Re: [PATCH 2/2] xdiff: optimize xdl_hash_record_verbatim

Phillip Wood <phillip.wood123@xxxxxxxxx> · Wed, 13 Aug 2025 14:10:56 +0100

Hi Alexander

On 11/08/2025 15:14, Alexander Monakov wrote:

On Mon, 11 Aug 2025, Phillip Wood wrote:

That's what the 'cycles' column in the table gives (6.21/5.8 = 1.070...)

It would be helpful to add a column with those calculations in it rather than
forcing the reader to calculate the speed up for themselves.

Ok, will change it to

version | speedup over (A) | cycles, bn | instructions, bn
----------------------------------------------------------
A                            6.38         11.3
B         1.027              6.21         10.89
C         1.1                5.80          9.95
D         1.094              5.83          8.74
----------------------------------------------------------

That looks good, thanks

Also what is the cycles column measuring? What is it that takes 6.21 cycles
for B and only 5.8 cycles for C?

Billions of cycles, e.g. in C the entire command completes in 5.8e9 CPU cycles.

Ah, for some reason I'd not realized than bn was short for billion
Then you get 9% from the inlining patch and only 2% from the faster hash
function? That's a bit surprising, which compiler and CPU you used? Is it
with default optimization (-O2)?

I used gcc with -O2 -march=native on an i5-8500. I saw a similar improvement
from the inlining when I was playing with xxhash.

Thanks, I'll see if I can benchmark it on a Skylake in the coming days. That
said, I think most users will get Git from their distro, without -march=native,
right? So I'd suggest looking at plain -O2, especially for xxhash, which
selects hashing primitives based on CPU-indicating predefined macros.

For xxhash I was using the system library rather than compiling it myself
I'd say under reasonable assumptions (e.g. a not too ancient CPU with
3-cycle integer multiplication) the new scheme is generally faster even
without asm.

Thanks, fwiw I don't see a measurable difference in the timings with and
without the asm on my machine -

To be clear, by "without asm" you mean forcing the !__GNUC__ branch where
REASSOC_FENCE macro is empty?

Exactly

sometimes one is faster, sometimes the other, any difference is within the
noise.

Would you mind showing your 'gcc --version'?

gcc (Debian 12.2.0-14+deb12u1) 12.2.0

Also, I prefer 'perf stat' for
such measurements, because its measurements are not so sensitive to frequency
scaling (plus, you can compare my cycles/instructions counts with yours if you
run 'perf stat', but I cannot compare your seconds from hyperfine with mine
because of course my CPU runs at a different frequency than yours).

'perf stat -r 5' runs the workload 5 times and prints averages and deviation.

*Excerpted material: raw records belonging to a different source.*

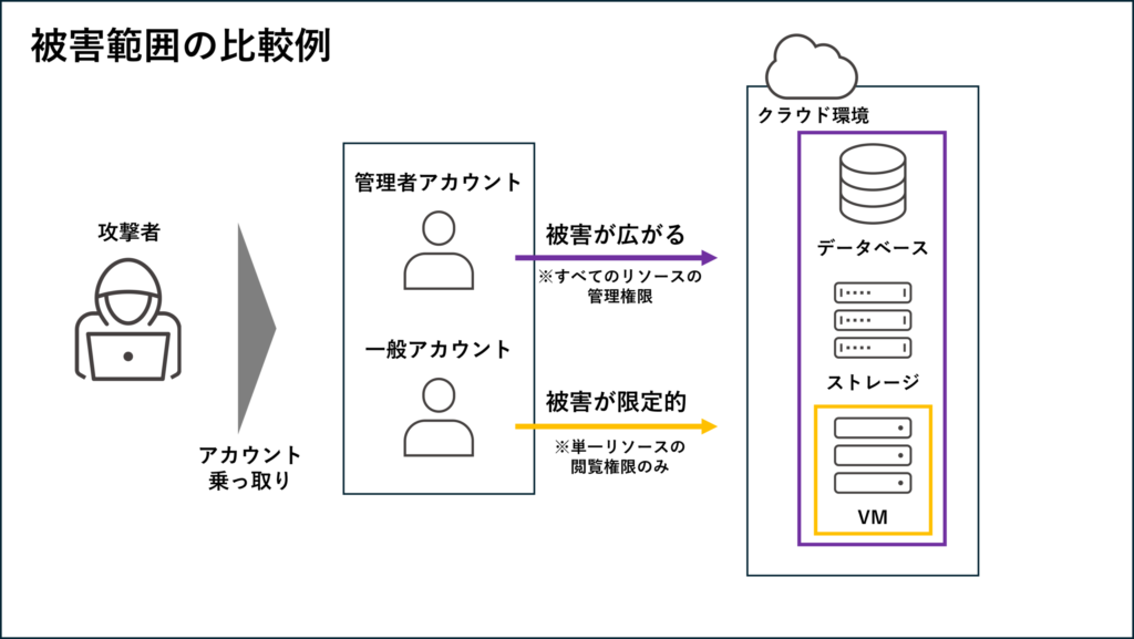 過剰権限の付与:「とりあえず管理者権限を付与する」「一時的な対応のつもりで広い権限を付けたまま」——権限が強いということは、侵害されたときの被害も最大化します。管理者権限を取得した攻撃者は、新しいアカウントの作成、セキュリティ設定の変更、データの持ち出し、リソースの削除まで可能になります。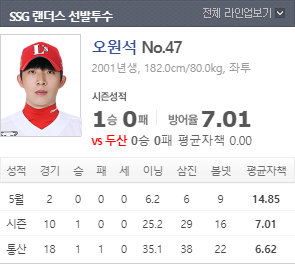 있는 상황이다. 이번 경기에서 오원석이 선발 등판할 예정이며 올 시즌 1승 25이닝 29삼진 평균자책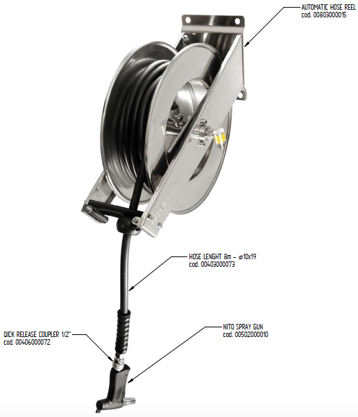 Душ на катушке Monolith SR000000001A (8 метров) - профессиональное душирующее устройство итальянского производства, разработанное для предприятий пищевой промышленности и общественного питания: ресторанов, кафе, столовых, пекарен и иных объектов. Изделие обеспечивает мобильную подачу воды в любую зону помещения, позволяя эффективно выполнять мойку оборудования, напольных покрытий и рабочих поверхностей.
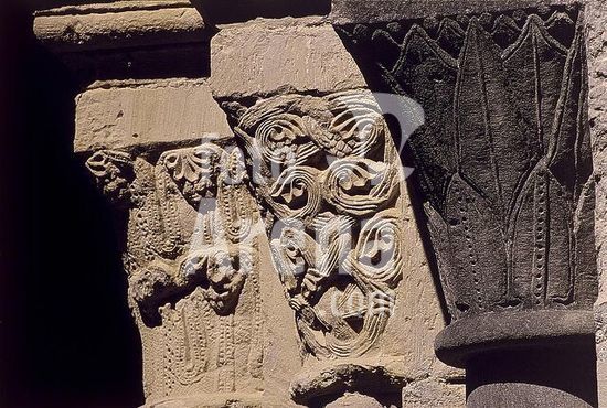 akg372778 Santiago de Compostela (Galicia, Prov. La Coruña, Spain), church Santa María la Real de Sar. (completed before 1172), cloisters (sculptures from the workshop of Master Mateo). Partial view: capital. Photo, undat.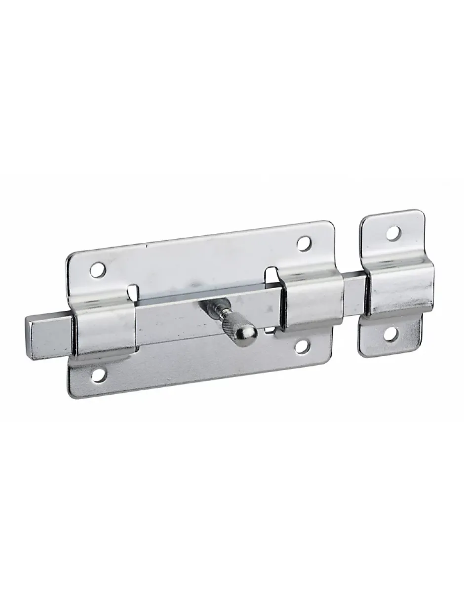Corps acier chromé. Gâche acier chromé. Bouton rond. Pêne plat coulissant.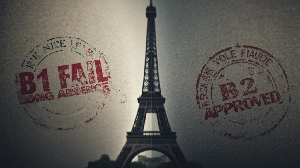 أوّلاً، B1 بدل B2 (رفض تلقائي). ثانياً، غياب >6 أشهر. ثالثاً، رسالة دمج ضعيفة. رابعاً، سجل غير نظيف. خامساً، عدم تجديد Carte.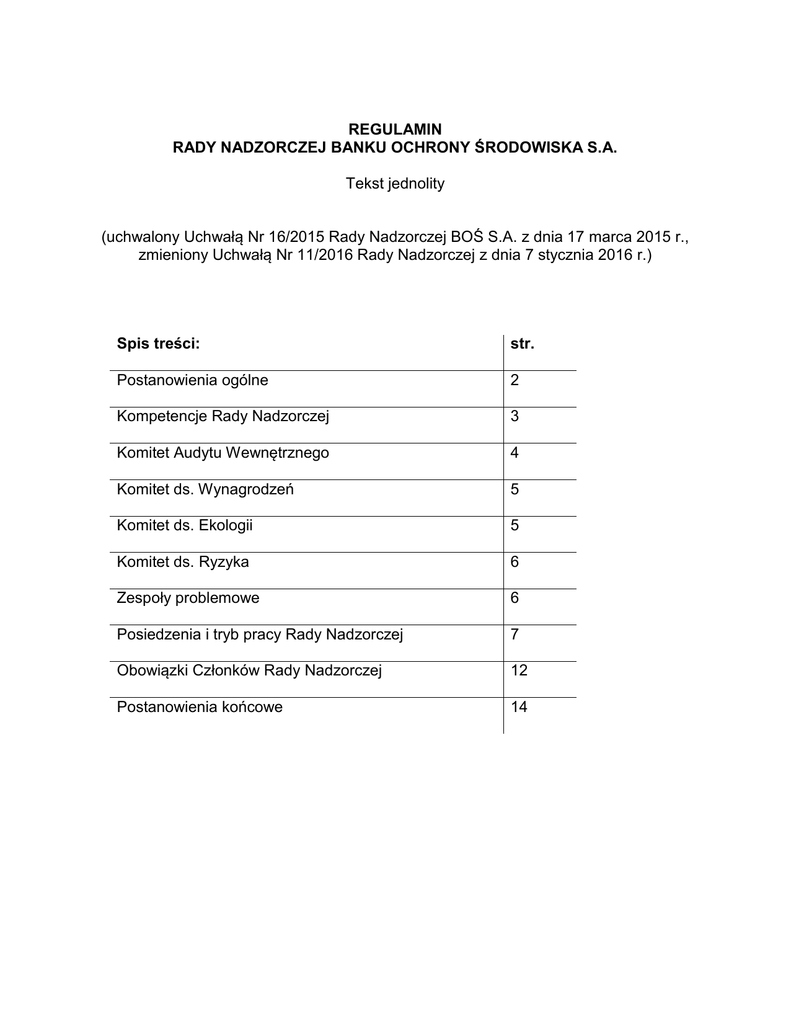 REGULAMIN RADY NADZORCZEJ BANKU OCHRONY ŚRODOWISKA S.A. Tekst jednolity (uchwalony Uchwałą Nr 16/2015 Rady Nadzorczej BOŚ S.A. z dnia 17 marca 2015 r., zmieniony Uchwałą Nr 11/2016 Rady Nadzorczej z dnia 7 stycznia 2016 r.) Spis treści: str. Postanowienia ogólne 2 Kompetencje Rady Nadzorczej 3 Komitet Audytu Wewnętrznego 4 Komitet ds. Wynagrodzeń 5 Komitet ds. Ekologii 5 Komitet ds. Ryzyka 6 Zespoły problemowe 6 Posiedzenia i tryb pracy Rady Nadzorczej 7 Obowiązki Członków Rady Nadzorczej 12 Postanowienia końcowe 14 Postanowienia ogólne §1 Użyte w niniejszym Regulaminie określenia oznaczają: 1) 2) 3) 4) 5) 6) Bank, BOŚ S.A. – Bank Ochrony Środowiska S.A., komórka audytu wewnętrznego – wydzielony w strukturze organizacyjnej Centrali departament dokonujący audytów wewnętrznych, organizacyjnie podlegający Prezesowi Zarządu; merytoryczny nadzór nad działalnością tej komórki sprawuje Komitet Audytu, Rada, Rada Nadzorcza – Rada Nadzorcza Banku Ochrony Środowiska S.A., Regulamin – Regulamin Rady Nadzorczej Banku Ochrony Środowiska S.A., Transakcja własna – transakcja, której przedmiotem są instrumenty finansowe1, zawierana przez członka Rady lub na jego rachunek, pod warunkiem, że: a) zawarcie tej transakcji wykracza poza zakres obowiązków służbowych członka Rady, albo b) transakcja zawierana jest na rachunek członka Rady lub: małżonka członka Rady, krewnego członka Rady do trzeciego stopnia, osoby związanej z członkiem Rady z tytułu przysposobienia, opieki lub kurateli, powinowatego członka Rady do drugiego stopnia, osoby pozostającej z członkiem Rady we wspólnym gospodarstwie domowym przez okres co najmniej roku przed datą zawarcia transakcji, innej osoby pozostającej z członkiem Rady w stosunkach powodujących, że członek Rady ma istotny interes w zawarciu danej transakcji na rzecz tej innej osoby, z wyłączeniem normalnych opłat i prowizji należnych z tytułu zawarcia transakcji, zwykła większość głosów – sytuacja, gdy w głosowaniu liczba głosów „za” jest większa niż liczba głosów „przeciw” (głosy wstrzymujące się i nieważne nie są brane pod uwagę). §2 1. Regulamin określa organizację oraz sposób wykonywania czynności przez Radę Nadzorczą, w zakresie nie uregulowanym w Statucie Banku i w przepisach prawa. 2. W okresach pomiędzy posiedzeniami, Radę Nadzorczą reprezentuje przewodniczący, a w razie jego dłuższej nieobecności uprawnienia te wykonuje wiceprzewodniczący. Instrumenty finansowe – instrumenty, o których mowa w art. 2 Ustawy z dnia 29 lipca 2005r. o obrocie instrumentami finansowymi (Dz. U. z 2010 r., Nr 211, poz.1384 – tekst jednolity, ze zm.), będące przedmiotem działalności Banku, obejmujące w szczególności: 1) papiery wartościowe emitowane przez Skarb Państwa lub Narodowy Bank Polski, 2) papiery wartościowe emitowane przez: a) Bank, b) spółki, w których Bank jest zaangażowany kapitałowo, c) innych emitentów, z którymi Bank współpracuje, 3) niedopuszczone do obrotu zorganizowanego papiery wartościowe, w tym: a) akcje i inne udziałowe papiery wartościowe, b) dłużne papiery wartościowe, 4) niedopuszczone do obrotu zorganizowanego instrumenty niebędące papierami wartościowymi, w tym: a) tytuły uczestnictwa w funduszach inwestycyjnych, b) instrumenty terminowe i pochodne, c) strukturyzowane produkty depozytowe. 1 2 §3 1. W przypadku odwołania, rezygnacji lub śmierci członka Rady Nadzorczej w trakcie trwania kadencji, do czasu obsadzenia wakatu, Rada może działać w zmniejszonym składzie, lecz nie mniejszym niż 5 osób. 2. W przypadku wygaśnięcia mandatu przewodniczącego, wiceprzewodniczącego lub sekretarza Rady Nadzorczej, Rada – na najbliższym posiedzeniu – dokonuje odpowiedniego wyboru, w celu obsadzenia wakatu. Kompetencje Rady Nadzorczej §4 1. Kompetencje Rady Nadzorczej określają w szczególności: Ustawa Prawo bankowe, Ustawa Kodeks spółek handlowych, Ustawa o rachunkowości, uchwały Komisji Nadzoru Finansowego, Statut Banku, a także inne przepisy wewnętrzne i zewnętrzne regulujące działalność Banku. 2. Z zastrzeżeniem ust. 1, do kompetencji Rady Nadzorczej należy w szczególności: 1) nawiązywanie stosunku pracy z członkami Zarządu poprzez zawieranie stosownych umów. Rada Nadzorcza może upoważnić przewodniczącego Rady do zawierania takich umów – na warunkach przyjętych każdorazowo przez Radę, 2) sporządzanie corocznego sprawozdania z działalności Rady, wraz ze zwięzłą oceną sytuacji Banku (z uwzględnieniem oceny systemu kontroli wewnętrznej oraz systemu zarządzania ryzykiem istotnym dla Banku) - w celu przedłożenia Walnemu Zgromadzeniu do zatwierdzenia, 3) rozpatrywanie i ocena otrzymywanych od Zarządu informacji o wszystkich istotnych sprawach dotyczących działalności Banku, 4) sprawowanie nadzoru nad funkcjonowaniem w Banku systemu kontroli wewnętrznej i systemu zarządzania ryzykiem oraz nad przebiegiem procesu sprawozdawczości finansowej, w tym m.in.: a) powoływanie Komitetu Audytu Wewnętrznego, uchwalanie regulaminu określającego organizację i zadania tego Komitetu oraz ustalanie jego składu, b) zatwierdzanie przepisów wewnętrznych Banku, dotyczących w szczególności: - działania systemu kontroli wewnętrznej w Banku, - działania systemu zarządzania ryzykiem w Banku, - zarządzania poszczególnymi rodzajami ryzyka bankowego, c) rozpatrywanie i ocena okresowych raportów przeprowadzonych audytów wewnętrznych, prezentujących wyniki d) rozpatrywanie i ocena okresowych informacji o skuteczności systemu kontroli wewnętrznej, 3 e) rozpatrywanie i ocena okresowych raportów o ryzyku związanym z prowadzoną działalnością oraz o sposobach zarządzania tym ryzykiem, f) rozpatrywanie i ocena rocznych sprawozdań Zarządu z działalności Banku i jego grupy kapitałowej, g) rozpatrywanie i ocena rocznych sprawozdań finansowych Banku i jego grupy ka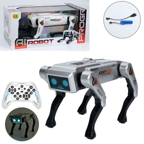 Собака-робот уміє виконувати трюки, реагувати на команди та програмується для створення власних сценаріїв руху. Завдяки вбудованому акумулятору і зарядці через USB, іграшка зручна у використанні та не потребує постійної заміни батарей.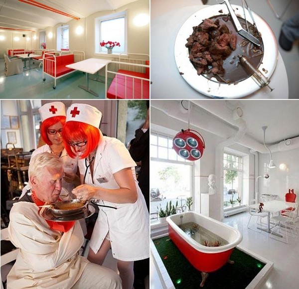 - Ресторан – госпиталь (Рига) на все 100% смахивает на медицинское учреждение – вывеска Hospitalis, медсестры вместо официанток, аптека вместо бара, операционный стол вместо обеденного. В “Госпитале” сполна чувствуешь себя “на больничке: у входа на вешалке висят настоящие больничные байковые халаты, со стен смотрят рисованные портреты медиков, стоят старые медицинские весы, капельницы, по телевизору показывают фильмы о больницах и врачах, а столы условно называются врачебными кабинетами: зубного врача, гинеколога, реанимация. Блюда подаются на белой, как в больнице, посуде со штампом, а за обед клиенты расплачиваются конвертами с надписью «Благодарность»))). В подвальном помещении – зал в красных тонах, именуемый «психушка» – банкетный зал с обитыми мягкой кожей стенами и петлёй-удавкой, свисающей с потолка. Меню в этом ресторане называется «сумасшедшее», а бонусом к некоторым блюдам идёт смирительная рубашка и кормление с ложечки. Местечко не для слабонервных!

I'll try and take a look at that though I'm off line next week and I'm 
not sure I'll have time before then.
No, what we need to do here is outside of the abstract machine's view,
standard functions are not going to help.

That's a shame. I'd hoped that stopping the compiler reorder the code would do
the same thing - what is the asm doing that's different?

atomic_signal_fence only blocks reordering of references to memory that can be
observed from a signal handler interrupting the current thread. It has no effect
on variables whose addresses do not escape (let alone never taken in the first
place). Here we want to force a particular evaluation order for variables that
end up on registers and are not supposed to appear in memory at all.

Ah, that makes sense

Thanks

Phillip